How do I choose ORDER BY columns for a MergeTree table?

Lead with the columns used most often in WHERE and GROUP BY, ordered from lowest to highest cardinality. This lets the sparse primary index prune granules aggressively. Align the sort key with roughly 90% of your analytical query patterns before optimizing anything else.

What causes the TOO_MANY_PARTS error and how do I fix it?

Frequent small inserts create parts faster than background merges can compact them. Fix it by inserting in larger batches, enabling async_insert to coalesce inserts server-side, and temporarily raising background_pool_size to drain the backlog.

ClickHouse Core Architecture & Analytics Fundamentals

Designing production-grade analytics pipelines in ClickHouse requires a precise understanding of its execution model, storage layout, and system boundaries. This reference is written for data engineers, analytics platform teams, Python ETL developers, and DevOps practitioners who operate ClickHouse at scale — where sub-second query latency, continuous ingestion, and materialized view synchronization must survive node failures, schema changes, and petabyte-class data volumes.

Unlike a row-oriented OLTP database, ClickHouse is a columnar OLAP engine tuned for high-throughput ingestion and vectorized analytical scans. Every architectural decision below — codec selection, sort key ordering, partition granularity, replication quorum — trades some resource against another. The sections that follow map the full subsystem topology, then drill into storage mechanics, pipeline integration, cluster-scale configuration, an operational runbook, failure diagnostics, and representative performance figures so you can reason about those trade-offs explicitly rather than by trial and error.

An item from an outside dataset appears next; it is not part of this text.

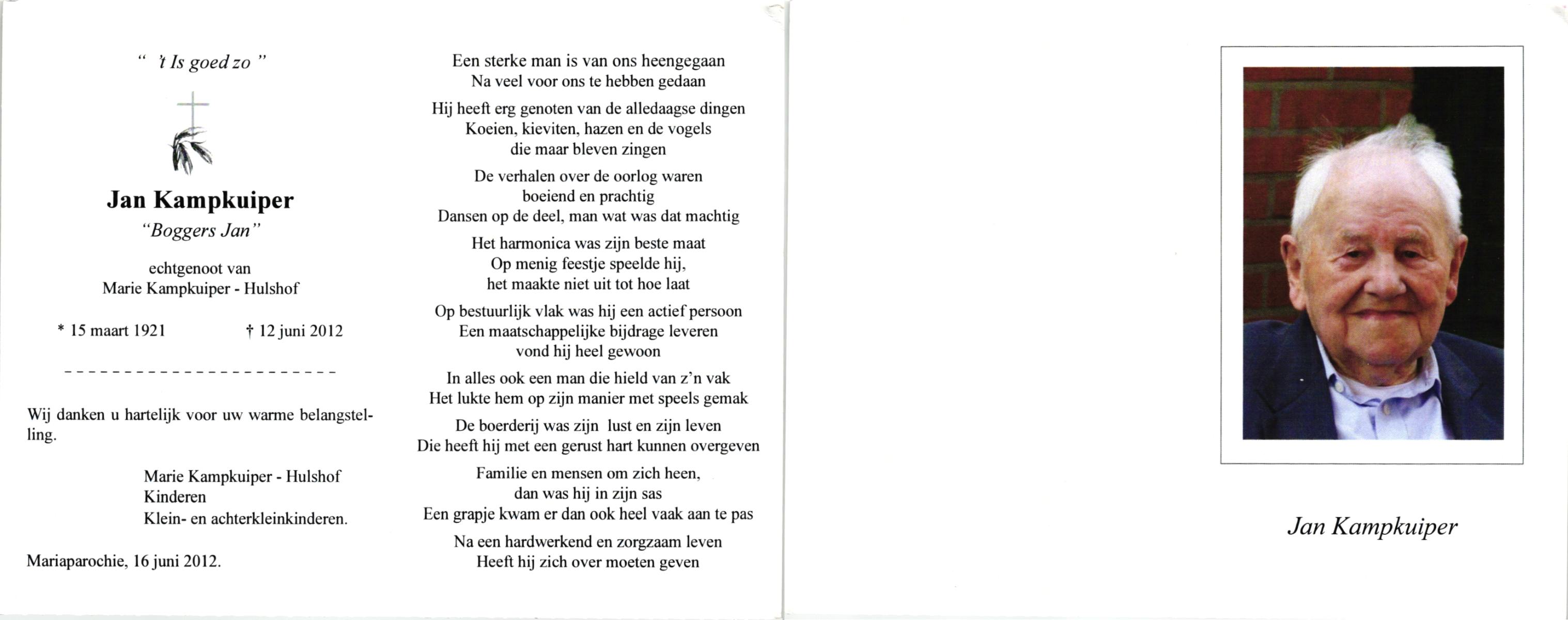 KAMPKUIPER, , Jan, geboren op 15-3-1921, overleden op 12-6-2012 op 91-jarige leeftijd.

Architecture Overview: How the Subsystems Fit Together

A ClickHouse analytics pipeline is not a single component but a layered system: an ingestion tier writes to raw MergeTree tables, a transformation tier of materialized views projects and pre-aggregates on the insert path, and a query tier reads exclusively from optimized target tables. Around that core sit the coordination layer (ClickHouse Keeper or ZooKeeper), the replication and distributed-query fabric, and the observability surface exposed through the system.* tables. The whole pipeline depends on the columnar storage and compression layer to keep scan volumes small and on the MergeTree engine deep dive mechanics to keep background merges bounded.

The critical property of this topology is that data flows in one direction and each tier has a single responsibility. Ingestion never queries; the query tier never writes to raw tables; transformation happens only through materialized views bound to the insert path. Violating that separation — for example, running dashboards directly against a raw staging table — bypasses the sort order and skipping indexes that make the engine fast, and it couples user-facing latency to ingestion pressure. The remainder of this page treats each tier in turn.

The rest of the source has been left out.